We've covered the restaurants around the fountain (except for Blue Baker/Atami, which are still their charter tenants from almost twenty years ago)—Abuelo's Mexican Food Embassy (now Casa Mangiare), the building that once held Veritas Wine & Bistro, Ben & Jerry's, and It's a Grind (and their successor restaurants), and what was, until recently, Razzoo's Cajun Cafe...plus, the stand-alone restaurant east of it, the old TGI Friday's. Beyond that is 980 University Drive East.

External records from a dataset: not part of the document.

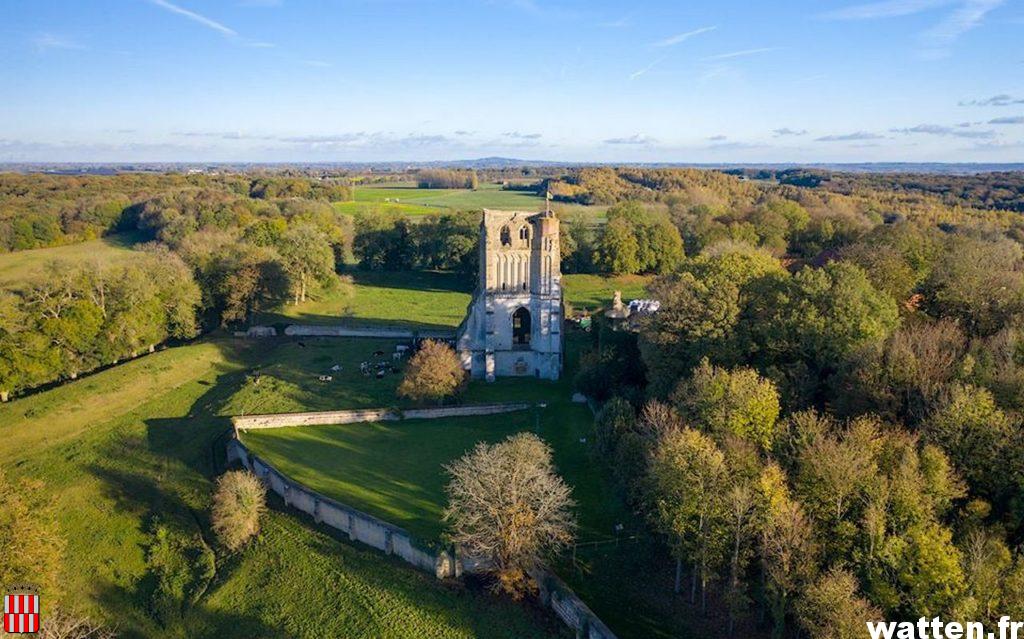 Vers 1045, sur les ruines romaines situées au sommet du mont, le moine Alphume fit ériger une chapelle dédiée à saint Riquier. Quelques années plus tard, en 1072, le prêtre Olfride y fonda l’abbaye de Watten avec des moines qui provenaient du monastère de Saint-Gilles près de Liège. L’abbaye fut consacrée en 1097 sous le vocable de « Notre-Dame du Mont de Watten » et fut richement dotée par les comtes de Flandre. Le monastère, construit dans le style roman, obéissait à la règle saint Augustin. C’est autour de l’abbaye, et de la maison dite des jésuites anglais, que s’est établie au XVIIe siècle la fortification principale, maîtrisant ainsi la route de Cassel. Faire demi-tour et descendre par le même sentier.
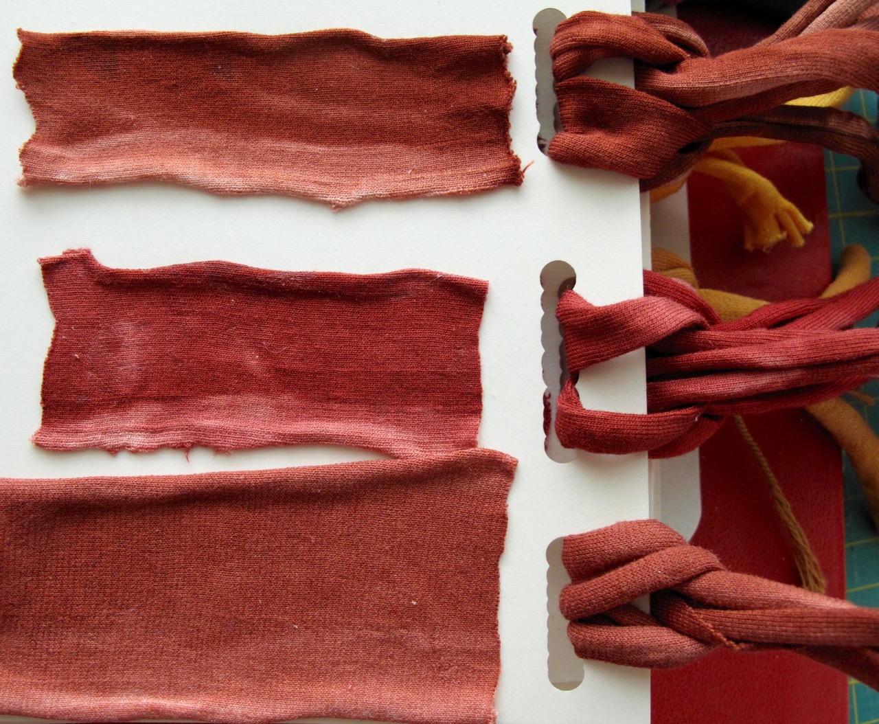 Värjäsin isomman erän, jotta näen paremmin miten väri kulkee isommassa määrässä. Kuvassa tämä näyttää aivan liian punaiselta. En kelpuuttanut vieläkään.
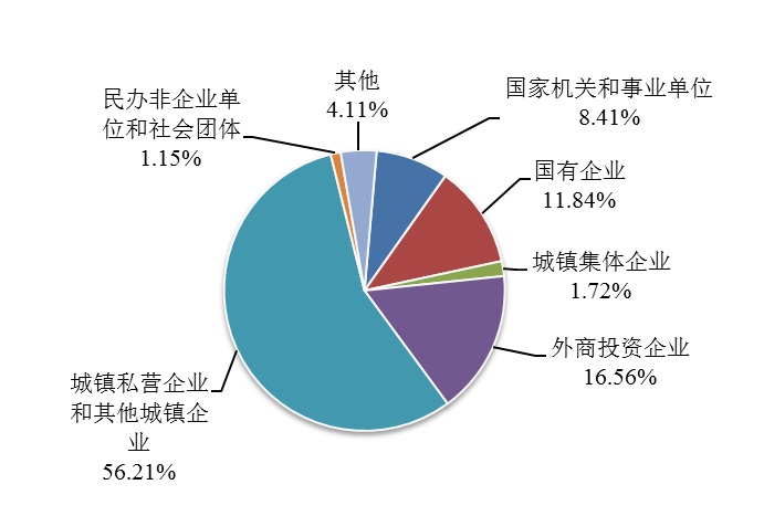 缴存单位中,国家机关和事业单位占2.32%,国有企业占1.88%,城镇集体企业占0.94%,外商投资企业占5.99%,城镇私营企业及其他城镇企业占87.20%,民办非企业单位和社会团体占0.70%,其他占0.97%。
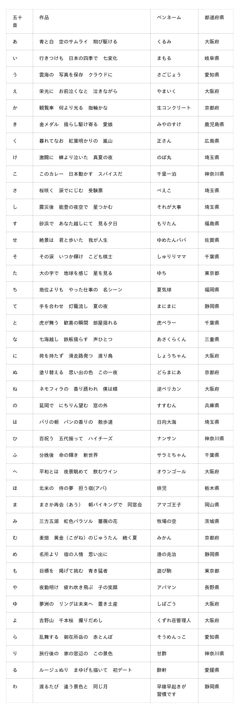 ・ペンネーム、都道府県:じゃくすい、香川県
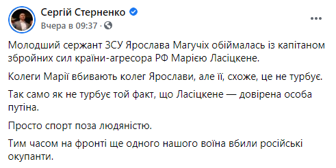 "Младший сержант ВСУ Ярослава Магучих обнималась с капитаном вооруженных сил страны-агрессора РФ Марией Ласицкене.
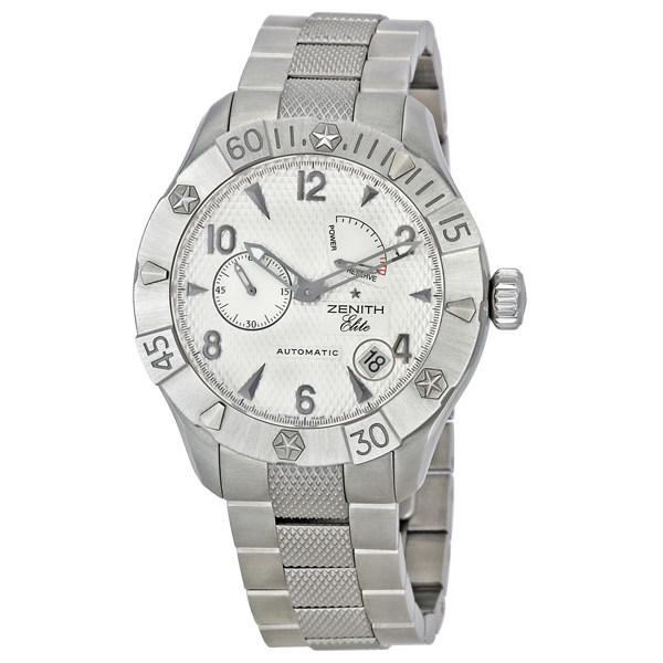 Stainless steel case with a stainless steel bracelet. Unidirectional turning bezel. Silver guilloche dial with luminous hands and Arabic numeral and stick hour markers. Date displays at the 4 o'clock position. Two sub-dials displaying: small seconds and power reserve sub dial. Automatic movement. Scratch resistant sapphire crystal. Case diameter: 43 mm. Triple folding clasp. Water resistant at 300 meters/ 1000 feet. Functions: hours, minutes, small seconds, power reserve. Zenith Defy Men's Watch 03051668501M526.

It featured four spaces, with 980A (instead of 100), suite 200, suite 300, and suite 400, and as of 2025 there are two vacant spaces, though most of them have operated in the last twenty years. The first space was originally home to Pei Wei Asian Diner, a fast-casual concept owned by P.F. Chang's China Bistro, operating from late 2005 to August 2019 (Pei Wei closed a bunch of restaurants during this time, likely stemming from being spun off from P.F. Chang's). In late 2021, The Cookshack, a restaurant serving Nashville hot chicken, opened, but it too closed as of November 2025 (seems the whole chain imploded, at least partially). Suite 200 has SportClips (the first local location) since around 2005, nothing dramatic there, suite 300 had Jamba Juice, which closed in November 2023 (I don't think it ever got the new "Jamba" branding).1 It is still vacant to my knowledge. Suite 400 opened in 2007 (maybe early 2008) as Eccell Steakhouse, a new concept by Eccell Group, before it closed in 2010 and became Bodega Coast, a seafood restaurant, trading in the Cafe Eccell-inspired menu for the nearby La Bodega, and that lasted six months before another concept, Knockouts Grill House (I think it was a sports bar) came. By January 2012 it was closed and a few months later, Grub Burger Bar opened. Grub Burger Bar was a relatively successful concept and opened a number of locations all the way to the East Coast, and by the time it was acquired by Hopdoddy in 2018, had 18 locations (several had closed in 2020). Grub doesn't exist as a chain anymore...Hopdoddy rebranded them and probably would've done the same here as it already had a location at Century Square about a mile or so to the west.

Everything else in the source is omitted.